Распорядиться насчет привоза теса и дров, о чем должно было известить михалковских мужиков, – дело было несложное, и, закусив, напившись чаю, обменявшись с лесником несложными размышлениями о тетеревах, зайцах и рябчиках, Иван Андреевич и Ирина Сергеевна, провожаемые напутствиями, сели на своих коней, успевших передохнуть, и снова по лесной дороге, среди белоствольного березняка и исполненного храмовой тишины соснового бора, перебивая и звуковым прискоком дополняя свою правильную музыку, запела песня конского бега, веселящий душу, мерный стук копыт.
«Тихоречье! Если бы всегда ты было Тихоречьем и не знало, как внезапно налетает буря», – думала про себя Ирина Сергеевна, хмуря своевольные брови и наклоняясь к белой шее Джина.
13
Раз утром, еще в постели, Ирина Сергеевна, прижимаясь щекой к груди Ивана Андреевича, сказала ему умышленно небрежным голосом:
– Я с тобой долго не буду больше кататься верхом.
– А почему? – спросил Иван Андреевич. – Хочется лучше одной?
– Нет, и одна не буду.
Иван Андреевич хотел взглянуть ей в глаза. Но она прижалась лицом к нему и не дала приподнять это зарумянившееся и улыбающееся лицо.

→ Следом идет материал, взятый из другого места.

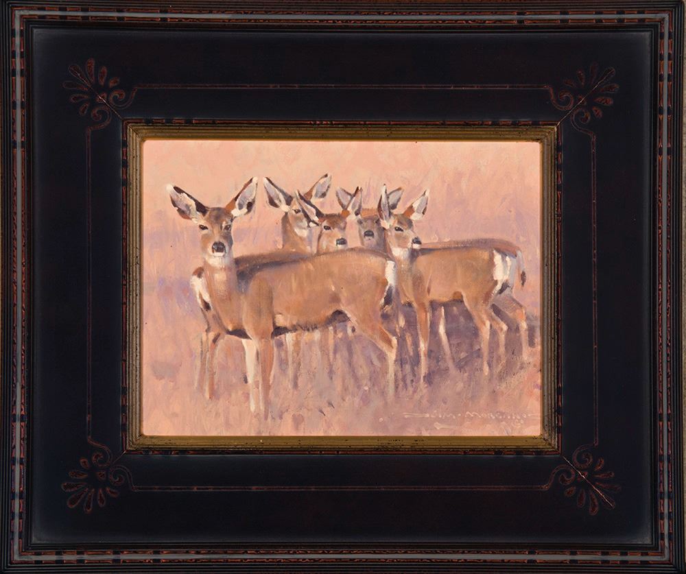 Artist: James Morgan; Title: On alert; Medium: Oil on board; Dimensions: 9 x 12 inches; Signed: Signed lower right; Verso: Signed and dated verso; Framed/Base: 17 x 20 inches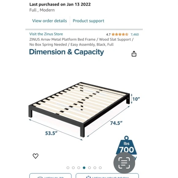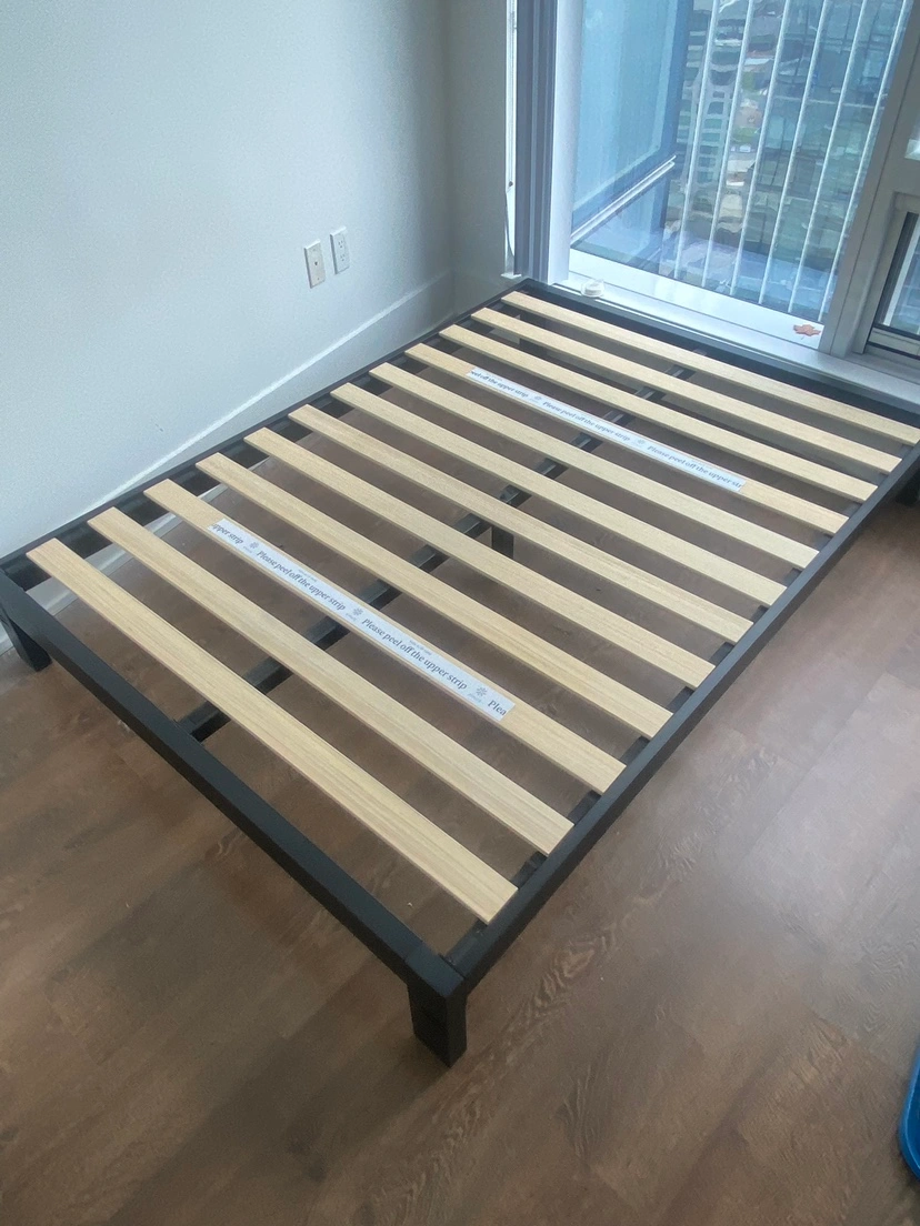 Very sturdy platform bed frame. Fits rolling bins underneath, and still sits at a comfortable height without a boxspring. No squeaking and quiet.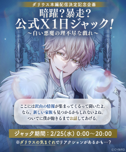 さらに、『イケメンヴィラン』公式X(https://x.com/Ikemen_Villains)では、ダリウスが公式Xをジャックする、「ダリウス本編配信決定記念企画 暗躍?暴走?公式X1日ジャック!~白い悪魔の理不尽な戯れ~」の実施が決定しました。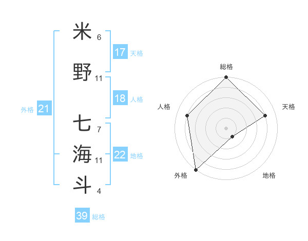 米野 七海斗さんを姓名の画数から五運を鑑定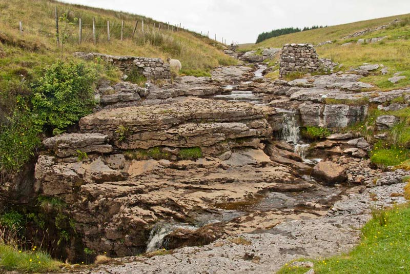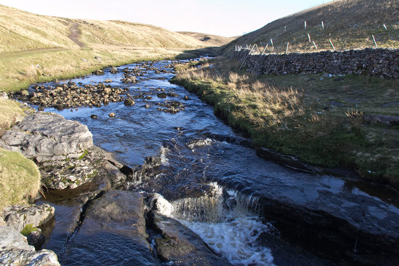 At the end, it was over a stile and through a small field and then to open fell, going left to pick up a track that led down to a ford over the infant River Ribble, where on the far side and slightly upstream is Low Gearstones Farm.

– Ты… – сказал Иван Андреевич и остановился.
– Да, я, – ответила, смеясь тихонько Ирина Сергеевна.
– Глупый, – вдруг воскликнула она, смотря на него блестящими глазами. – Мужчины все глупые, кажется мне иногда, и ничего не знают из того, что знают. К концу весны или к началу лета, вы изволите быть родителем нового дитяти.
– Я рад, милая. Я очень рад, – сказал он, спокойно ее целуя.
– Да, конечно, ты рад. Я тоже рада. Но все-таки не тебе, а мне придется столько месяцев носить ребенка в себе.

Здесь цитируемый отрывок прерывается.